Mme Marie-Madeleine Dieulangard. Mais non, pas du tout !
M. Alain Gournac. Si, si !
M. Daniel Hoeffel. ... hélas ! sans concertation préalable, comme l'a rappelé M. Fourcade, et probablement dans la précipitation.
Ces mesures sont interprétées, à tort ou à raison, comme portant atteinte à la valeur de la famille.
M. Dominique Braye. A raison !
M. Daniel Hoeffel. Je vise en particulier la mise sous condition de ressources des allocations familiales, interprétée comme une mise en cause des principes fondateurs de la sécurité sociale qui sous-tendent depuis plus de cinquante ans le société française, et je pose en cet instant une question : ne risquons-nous pas de voir cette remise en cause s'étendre aux autres branches de la sécurité sociale, retraite ou assurance maladie ?...
M. Alain Gournac. J'espère que non !
M. Daniel Hoeffel. Il aurait sans doute été plus juste de répondre par la voie fiscale à la demande de solidarité à l'égard des plus démunis - demande à laquelle nous nous joignons tous - ainsi qu'à la nécessité de rééquilibrer la branche famille.
S'ajoutent à cette mise sous condition de ressources des allocations familiales la baisse de la réduction d'impôt au titre des emplois familiaux et la diminution de l'AGED, qui mettent en péril des dizaines de milliers d'emplois pour personnes peu qualifiées, emplois dont notre société a également besoin.
Certains estiment que le système de l'AGED est trop coûteux par rapport au prix de revient d'une place de crèche. Mais n'oublions pas qu'en France les structures d'accueil des enfants sont loin d'être suffisamment développés.
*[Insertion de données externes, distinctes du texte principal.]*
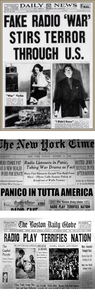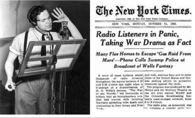 Non, quindi, l’errore indotto dall’avvincente narrazione radiofonica, proposta come una vera pièce teatrale perfettamente riuscita, ma un resoconto degli eventi che consegnò ai posteri una rappresentazione di scene di isteria di ignari radioascoltatori che, presi dal panico, abbandonarono la città per sfuggire all’invasione extraterrestre.

Je crains également que cette réforme ne vienne frapper de plein fouet les femmes qui travaillent, alors que le travail féminin est par ailleurs un phénomène irréversible dans notre société.
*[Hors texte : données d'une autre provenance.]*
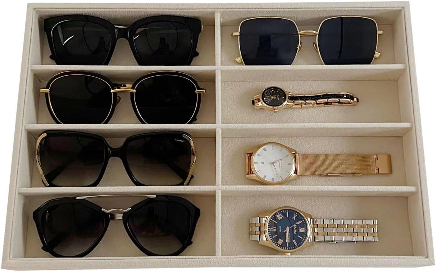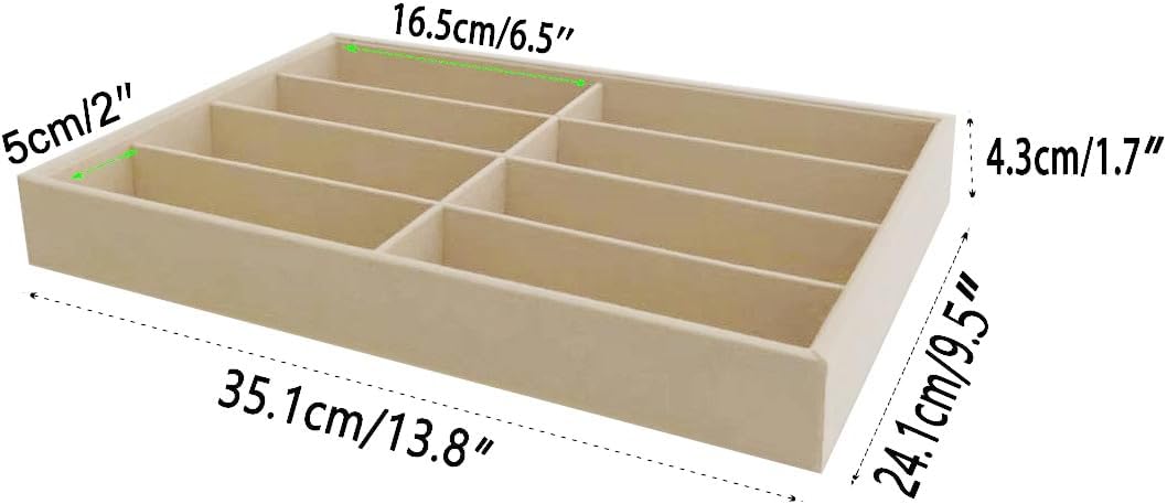 8 Slot Large Light Beige Premium Quality Velvet Sunglasses Eyewear Glasses Watch Box Tray Stackable Practical Trade Show Home Use Jewelry Display Organizer Drawer Divider Insert

En conclusion, madame la ministre, vous avez annoncé une réforme de la politique familiale pour 1998. Puisse cette réforme être menée avec tous ceux qui sont représentatifs de la famille dans notre pays mais aussi en liaison étroite avec le Parlement !
Les mesures déjà prises, même si de récentes atténuations vont dans le bon sens, dénotent une remise en cause de principes fondamentaux sur lesquels était fondée la politique familiale depuis cinquante ans.
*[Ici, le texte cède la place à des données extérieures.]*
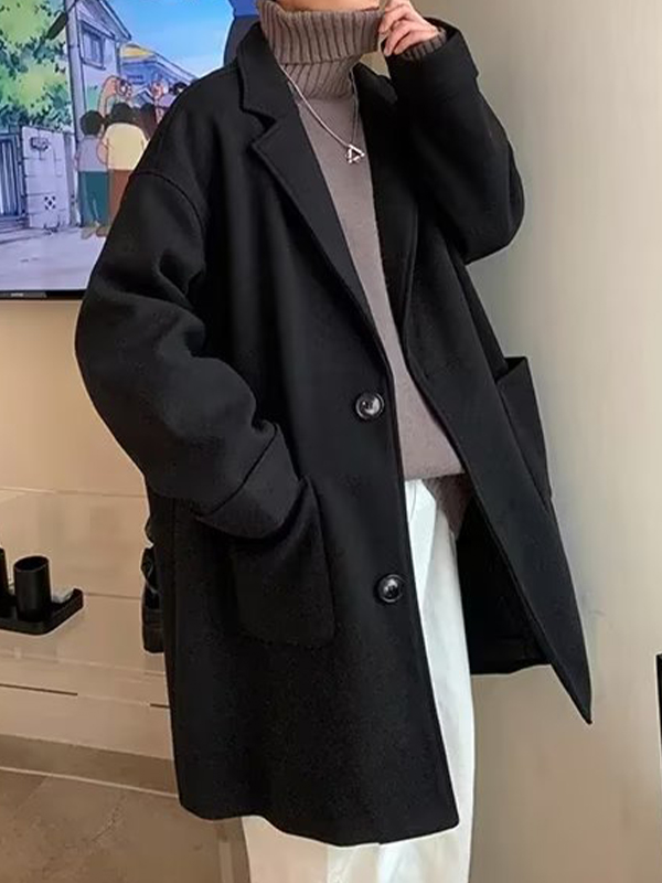 Abrigo de lana largo con cuello de solapa liso para hombre

Certes, la politique familiale doit être adaptée à l'évolution d'un environnement qui n'est plus aujourd'hui ce qu'il était au lendemain de la dernière guerre.
Mais la politique familiale doit aussi se fonder sur des repères solides, des principes fondamentaux et un minimum de continuité en tenant compte, d'une part, de la nécessité de consolider la cellule familiale et, d'autre part, des impératifs d'une politique démographique stimulante.
Des principes et des orientations retenus dépendra la capacité de la France, non seulement à préserver dans l'avenir ses équilibres internes, mais aussi à tenir son rang sur le plan démographique, en Europe et dans le monde. (Très bien ! et applaudissements sur les travées de l'Union centriste, des Républicains et Indépendants, du RPR, ainsi que sur certaines travées du RDSE.) M. le président. Mes chers collègues, nous allons maintenant interrompre nos travaux ; nous les reprendrons à vingt et une heures quarante-cinq.
La séance est suspendue.

(La séance, suspendue à dix-neuf heures quarante-cinq, est reprise à vingt et une heures quarante-cinq, sous la présidence de M. Jean Delaneau.)